Here the pattern matches are not as obvious, as in case of the 2010 comparison (shown in the comment), where the source for the reproduction of Holiday's illustration is a low resolution scan from eBooks@Adelaide. Higher resolution does not always help: Low resolution also is a kind of low pass filtering which you apply to images in order to focus on larger patterns. Therefore I inserted a vectorized low resolition segment (without manual manipulations) of Holiday's illustration into the high resolution scan of an illustration from the 1876 edition of The Hunting of the Snark. (eBooks@Adelaide told me that their scans are from the 1876 edition of the Snark as well. In the 1981 William Kaufman edition of the annotaded Snark you will find slightly different prints. There also are reproductons of Holiday's drawings.)
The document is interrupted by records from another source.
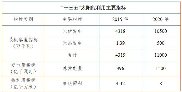光伏發(fā)電成本持續(xù)降低。到2020年,光伏發(fā)電電價水平在2015年基礎上下降50%以上,在用電側(cè)實現(xiàn)平價上網(wǎng)目標;太陽能熱發(fā)電成本低于0.8元/千瓦時;太陽能供暖、工業(yè)供熱具有市場競爭力。
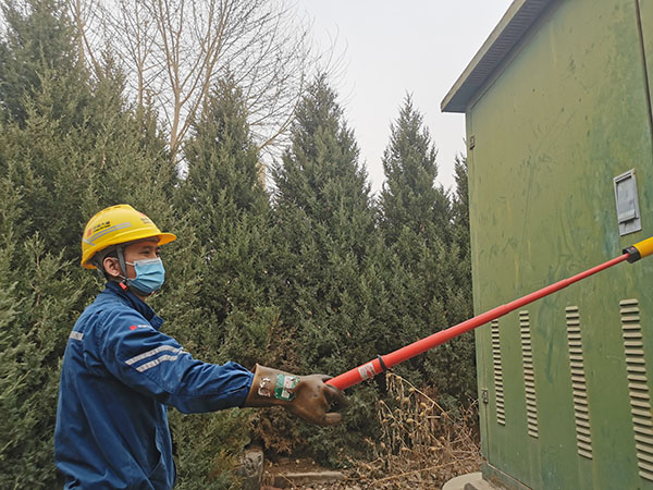 團(tuán)員青年對(duì)外引電源開(kāi)關(guān)進(jìn)行驗(yàn)電
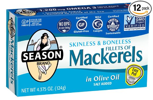 Pack of 12 Season Fillets of Mackerel in Olive Oil, 4.375-Ounce Tins – Link
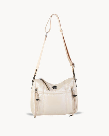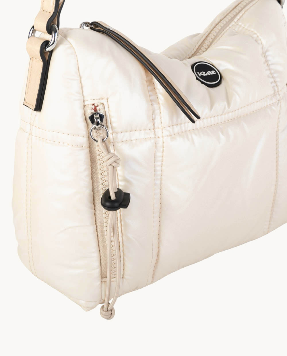 Este modelo está fabricado en nylon, un material que combina ligereza y resistencia, lo que garantiza durabilidad en su uso diario. El color marfil es un tono neutro que se adapta fácilmente a diversas prendas, convirtiéndola en una opción versátil para cualquier ocasión.
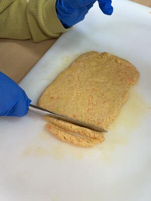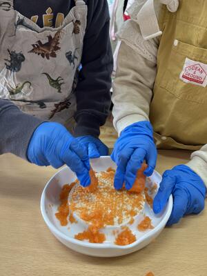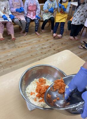 みんながすりおろした人参と小麦粉、油、粉チーズを混ぜて生地をこねていきます。
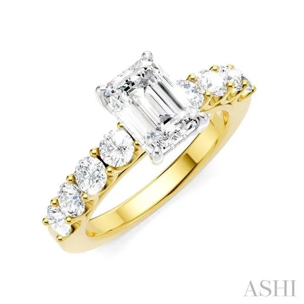 (256) 764-40137/8 Ctw Emerald Shape Round Cut Diamond Semi-Mount Engagement Ring in 14K Yellow and White Gold
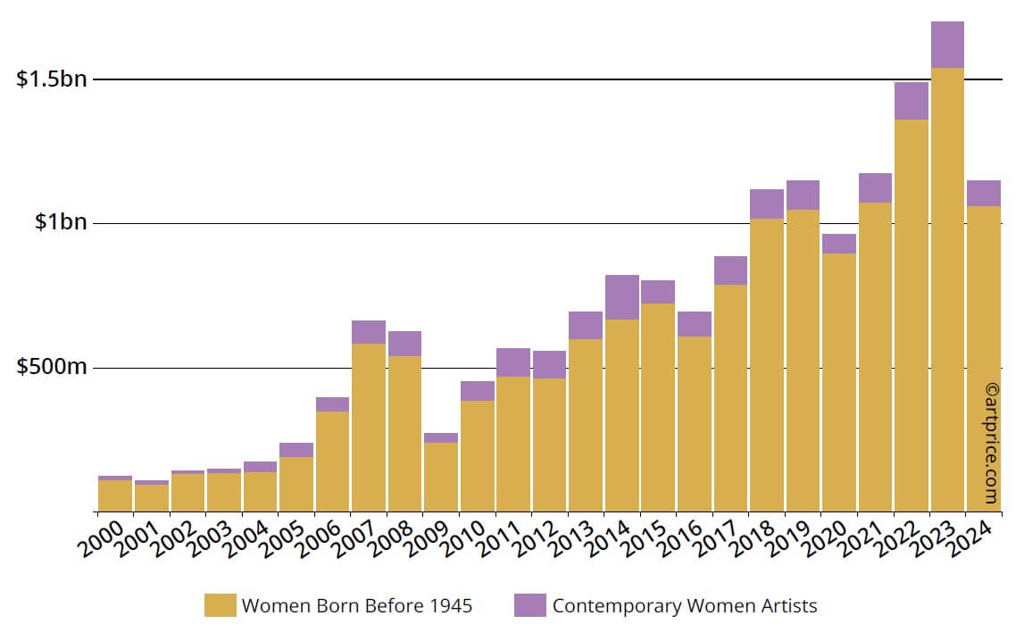 2021 年,法国国家博物馆的参考资料中显示,仅有 4%至 6%来自女性艺术家,与 19 世纪不到 2%的比例相比,进步微乎其微。策展人暨艺术评论家莫拉•赖利(Maura Reilly)在 2015 年透露,泰特现代美术馆的回顾展中只有 25%的作品是关于女性艺术家。此一发现促使纽约现代艺术博物馆和惠特尼美术馆等机构重新审视自己搜藏艺术品的政策,并组织纠正性展览。自始,女性艺术家在博物馆的地位不断壮大。拍卖行和收藏家也纷纷仿效,拍卖市场上女性艺术家有了更多的曝光机会。过去十年間,女性艺术家作品的拍卖数量成长一倍(98%),2024 年更是创下了 15,519 件作品成交的历史纪录,比 2023 年的高峰再增长了 11%,成交率不断提高,带动女性艺术家的拍卖总成交额一路上扬,最终在 2018 年突破了 10 亿美元大关。 这十年間的增长与总体市场下滑之趋势背道而驰,因此更加引人注目 。
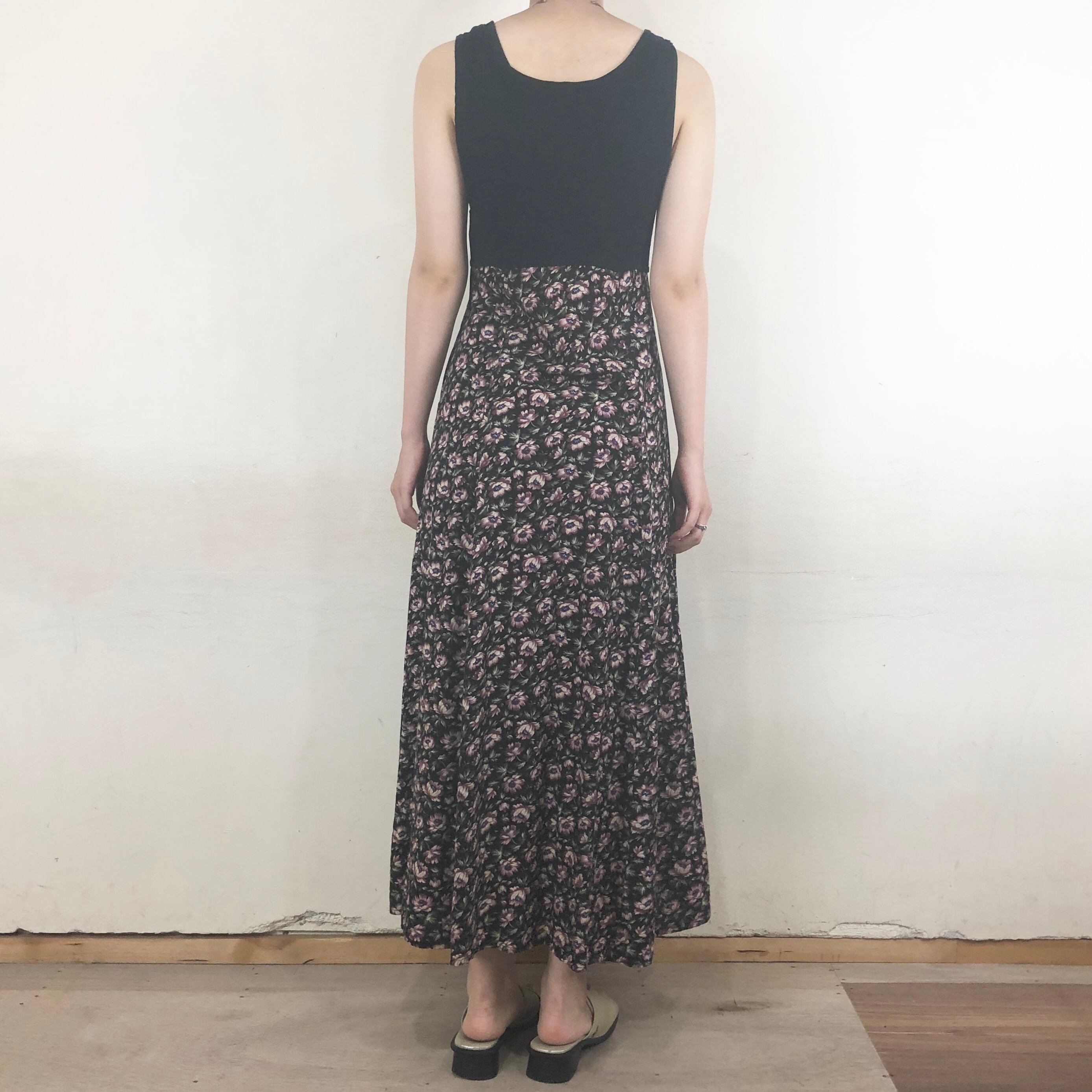ウエストがリブになっており、胸下からカットソー素材に切り替えられているノースリーブワンピース。

Why might Henry Holiday have hidden that eagle in one of his illustrations to Lewis Carroll's The Hunting of the Snark? I think that - as in case of most (not all) hidden elements in the other illustrations to the Snark - this is a pictorial allusion to another work or art. This is not about eagles. This example shows that Henry Holiday did not use shapes quoted from other illustrations and paintings in order to enhance the artistic value of his illustration by "stealing" from other artists. Rather, he may have used such copied shapes as "pointers" from his own illustrations to these other works of art. Or he simply used the shapes to construct conundrums. That would be taking references to other works of art, not plagiarism.